Switching Cars Poem by gershon hepner

Switching Cars



I cannot, nor do I intend,
to switch my wife, but I’ll pretend
next time I’m driving in my Honda
to drive a new Pagani Zonda.
My wife was built so long ago
we’ve both forgotten when, although
it is recorded somewhere. Wine,
like cheese with which I like to dine,
like her, improves with age,
but cars do not in the garage––
apologies for that weird rhyme,
weird rhyming surely is no crime––
and there have barely been a hundred
which on the road with speed have thundered
since 1999, good year
for cars––too soon for wine, I fear,
and wives, of course––you’d have to wait
with patience for a later date,
at least ten years for one of those,
and drive her in without her clothes.
Sports cars for men can be great fun
when speeding faster than a ton
in bodies that give men a hard on,
like models fit for superstardom.
but I’ll stick to my Honda, just
as I’ll stick to my wife.

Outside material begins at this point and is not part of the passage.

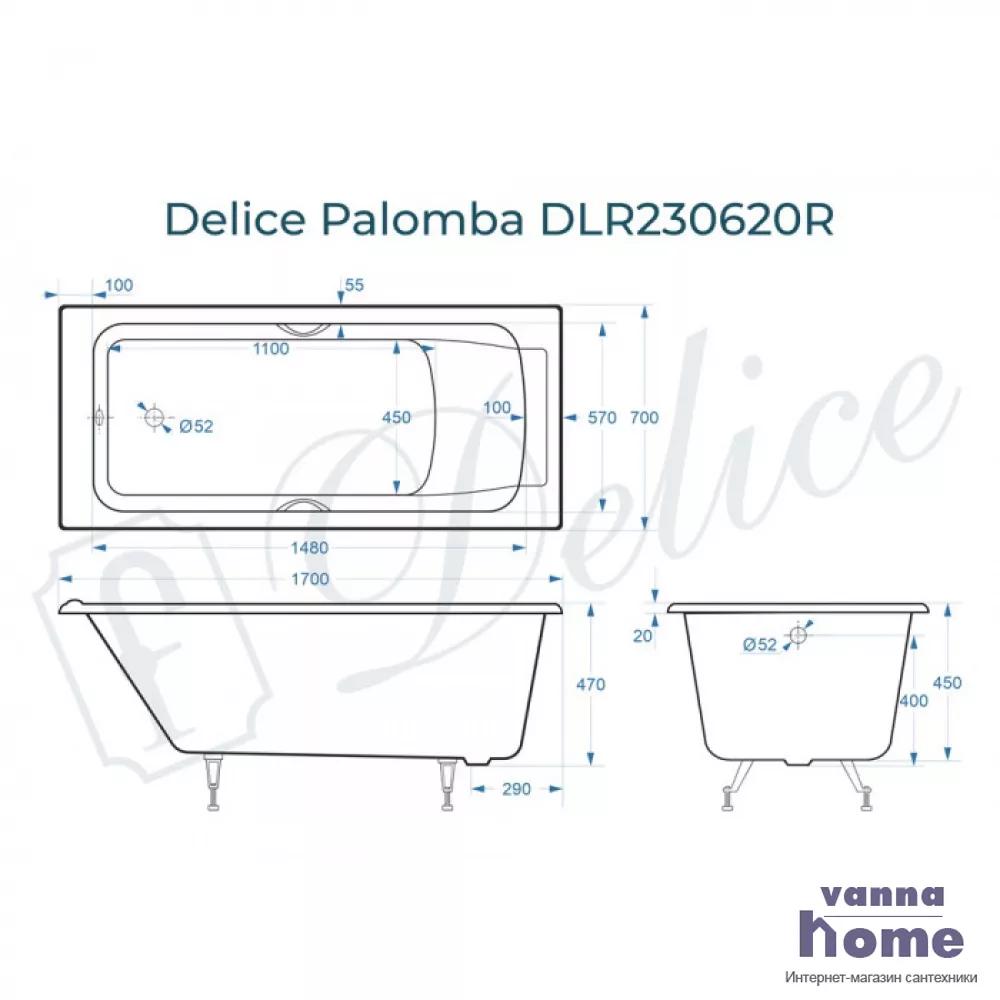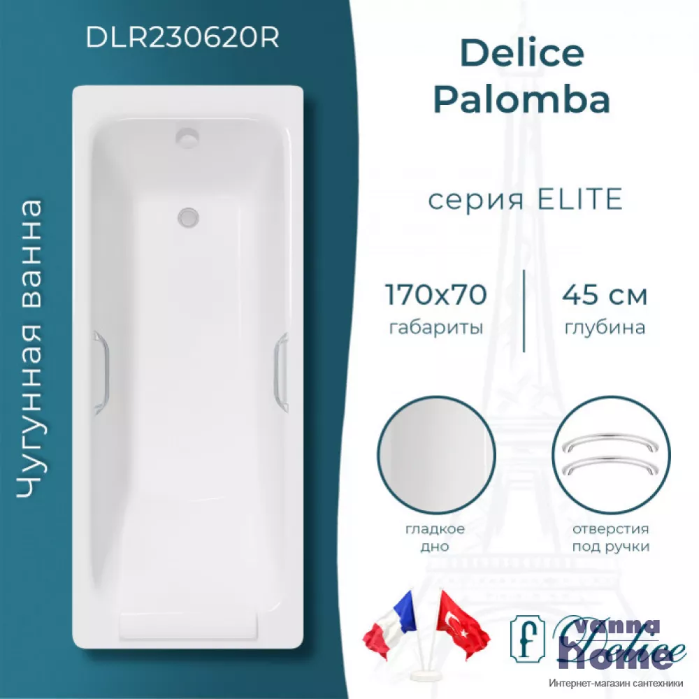 Ванна чугунная Delice Palomba 170x70 с отверстиями для ручек

Car lust
and dreams of passengers who’re Tens
are fantasies, and there it ends,
because when I am at the wheel
I’ll stick to somebody who’s real,
my wife, of whom I really fonder
than any new Pagani Zonda.
You’ve read my fantasy, the rest
is silence in Pacific west,
which doesn’t seriously hinder
my poems about cars and Linda.


In an advertising supplement to the LA Times today Paul Rogers describes the Pagani Zonda F, which is priced at $700,000. Only about a hundred have been made since 1999, and its performance challenges Ferrari, Porsche and Lamborghini, with stunningly effective arodynamics. Buying one, says Paul Rogers, is like getting in on the ground floor with Ferrari.